_Records shown_:
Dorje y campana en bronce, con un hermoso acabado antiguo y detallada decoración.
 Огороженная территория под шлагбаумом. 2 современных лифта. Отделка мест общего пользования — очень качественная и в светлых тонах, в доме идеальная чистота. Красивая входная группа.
==
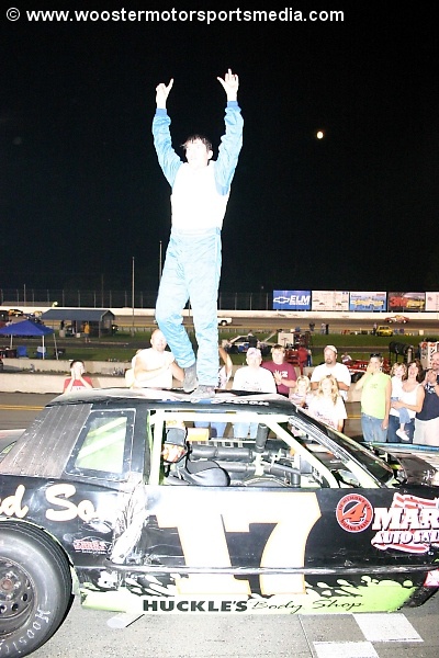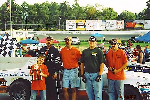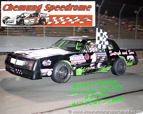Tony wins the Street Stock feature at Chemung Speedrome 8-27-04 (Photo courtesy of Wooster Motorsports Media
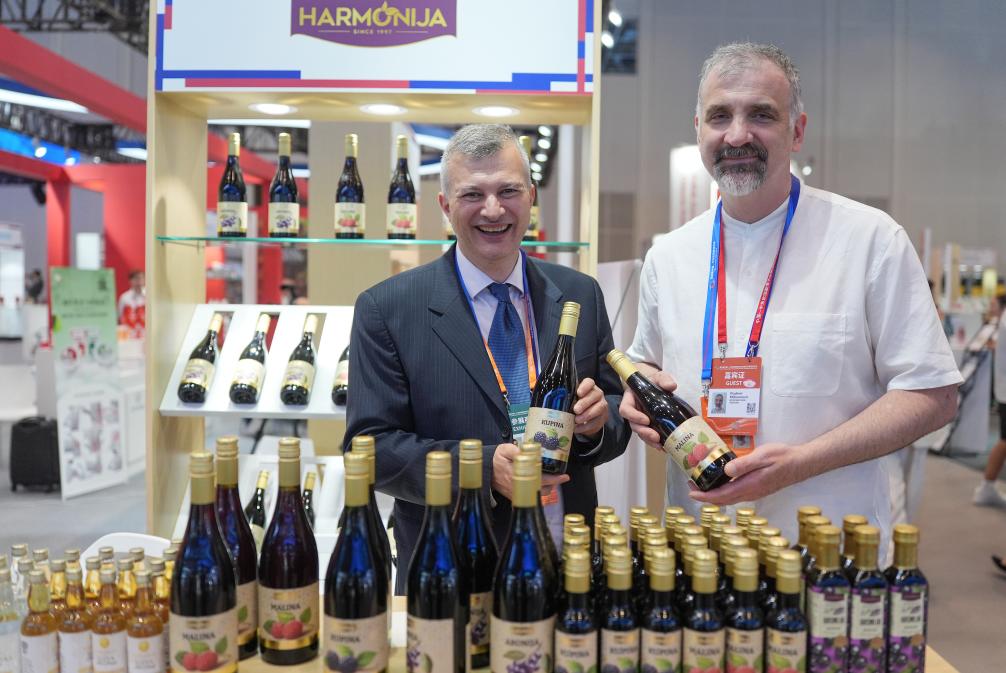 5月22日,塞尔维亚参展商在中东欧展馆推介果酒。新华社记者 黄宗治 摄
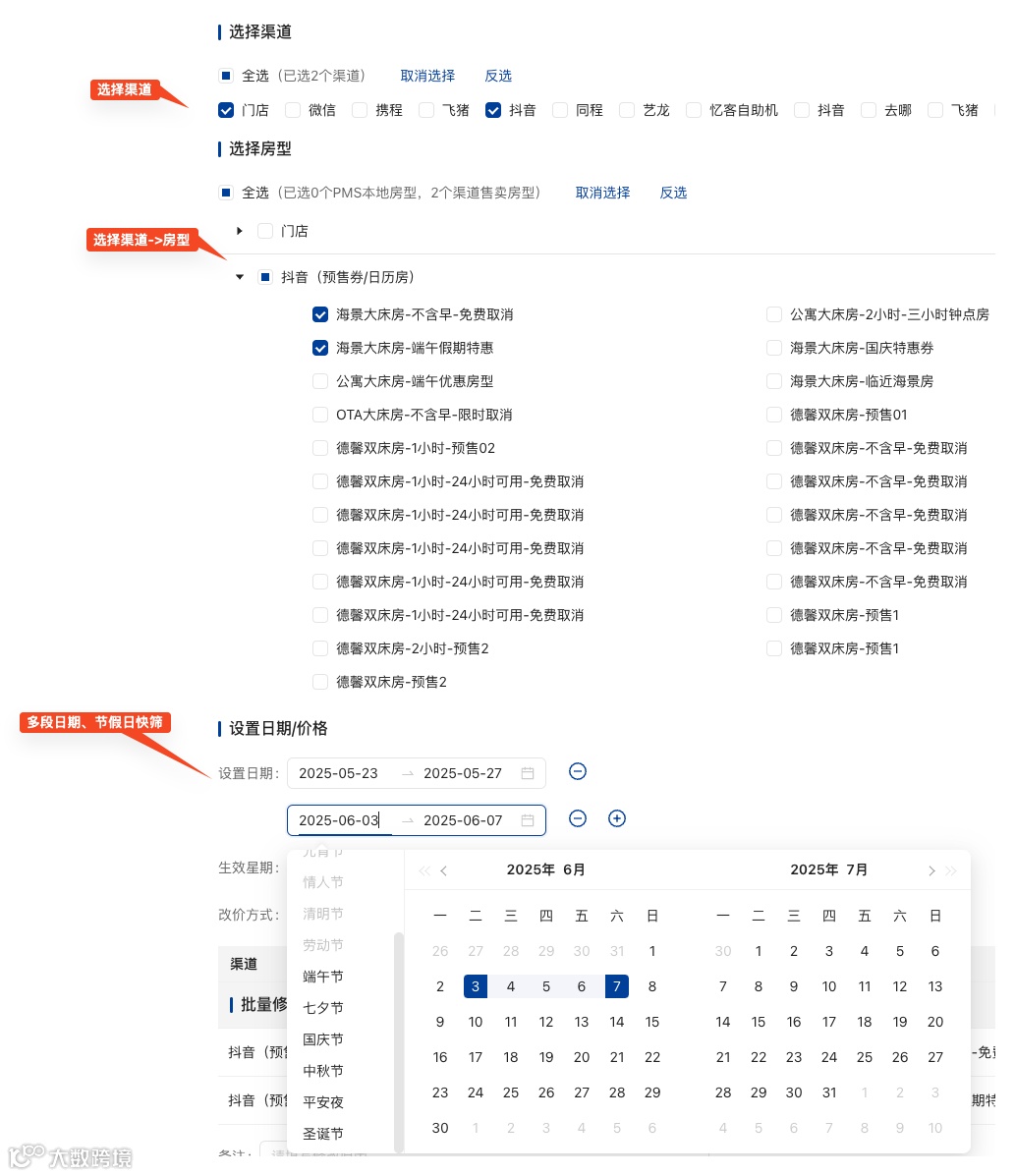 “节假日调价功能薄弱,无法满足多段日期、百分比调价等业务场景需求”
* * *
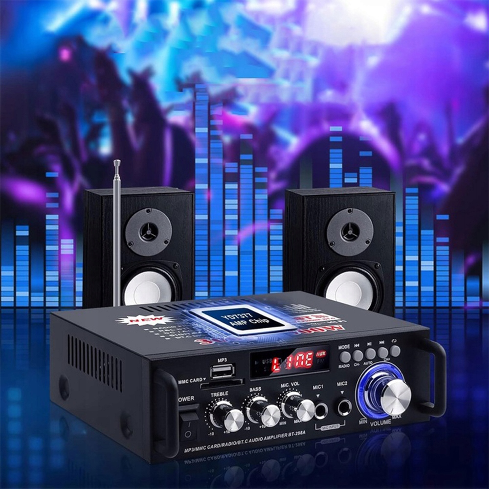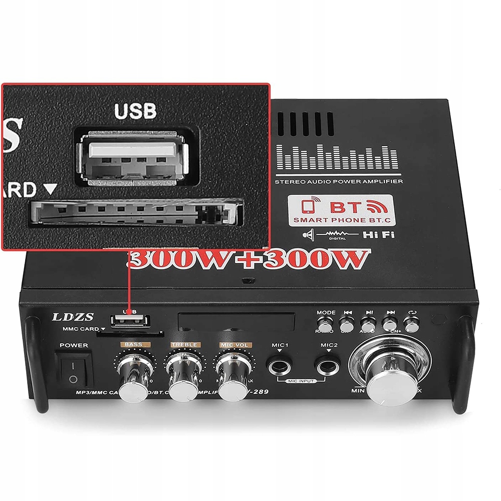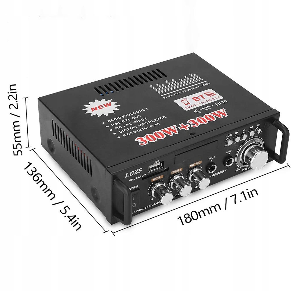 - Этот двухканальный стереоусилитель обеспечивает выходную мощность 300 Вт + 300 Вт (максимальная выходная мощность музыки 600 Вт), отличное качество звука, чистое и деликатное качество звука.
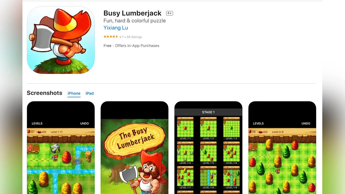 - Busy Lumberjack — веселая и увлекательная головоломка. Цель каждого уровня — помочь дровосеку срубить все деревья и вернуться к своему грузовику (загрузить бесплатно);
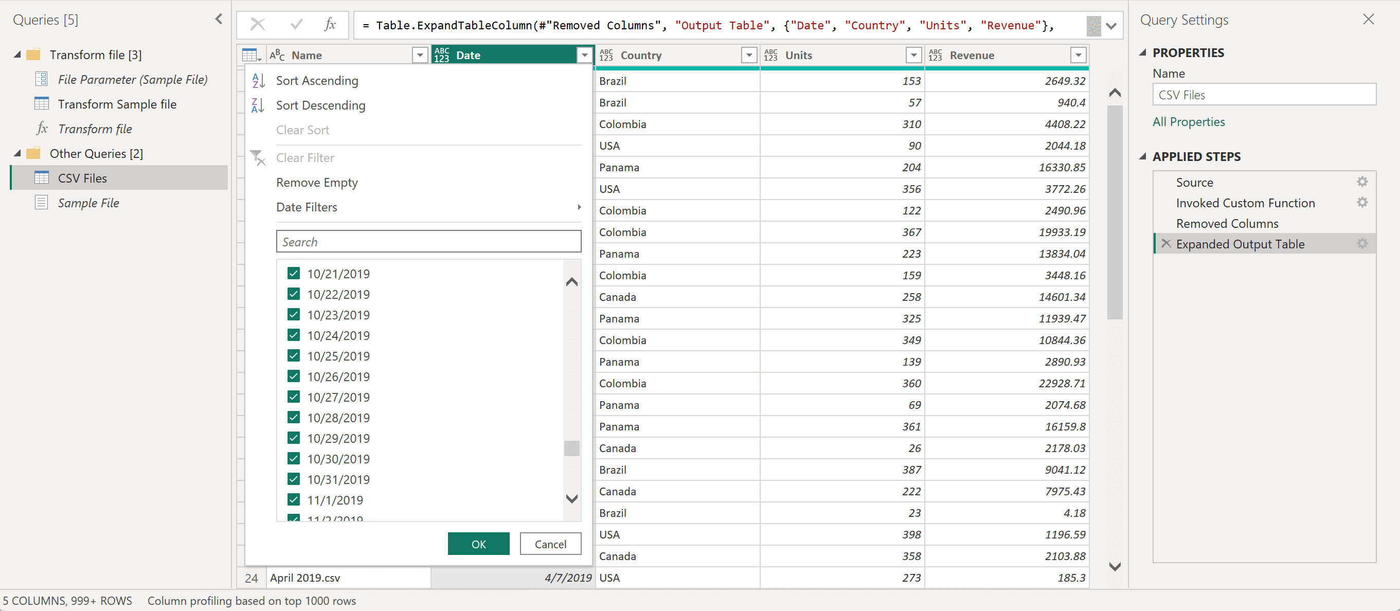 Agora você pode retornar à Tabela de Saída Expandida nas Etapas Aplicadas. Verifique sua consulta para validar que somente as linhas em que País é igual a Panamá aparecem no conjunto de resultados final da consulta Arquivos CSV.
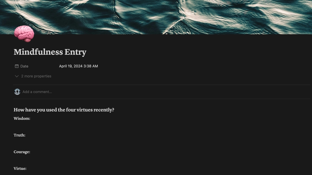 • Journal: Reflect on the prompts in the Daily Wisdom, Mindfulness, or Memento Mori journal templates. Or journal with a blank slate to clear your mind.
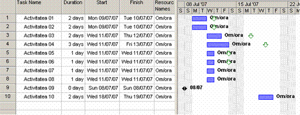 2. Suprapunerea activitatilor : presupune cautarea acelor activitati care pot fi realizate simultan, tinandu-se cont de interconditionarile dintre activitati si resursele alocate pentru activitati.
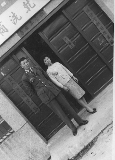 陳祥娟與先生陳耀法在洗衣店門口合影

_Exercise brief_: What are the lines, exactly as written above, from the line with "Dorje y campana" to the line with "Огороженная территория под", both included? Output only those.

_Answer box_:
Dorje y campana en bronce, con un hermoso acabado antiguo y detallada decoración.
 Огороженная территория под шлагбаумом. 2 современных лифта. Отделка мест общего пользования — очень качественная и в светлых тонах, в доме идеальная чистота. Красивая входная группа.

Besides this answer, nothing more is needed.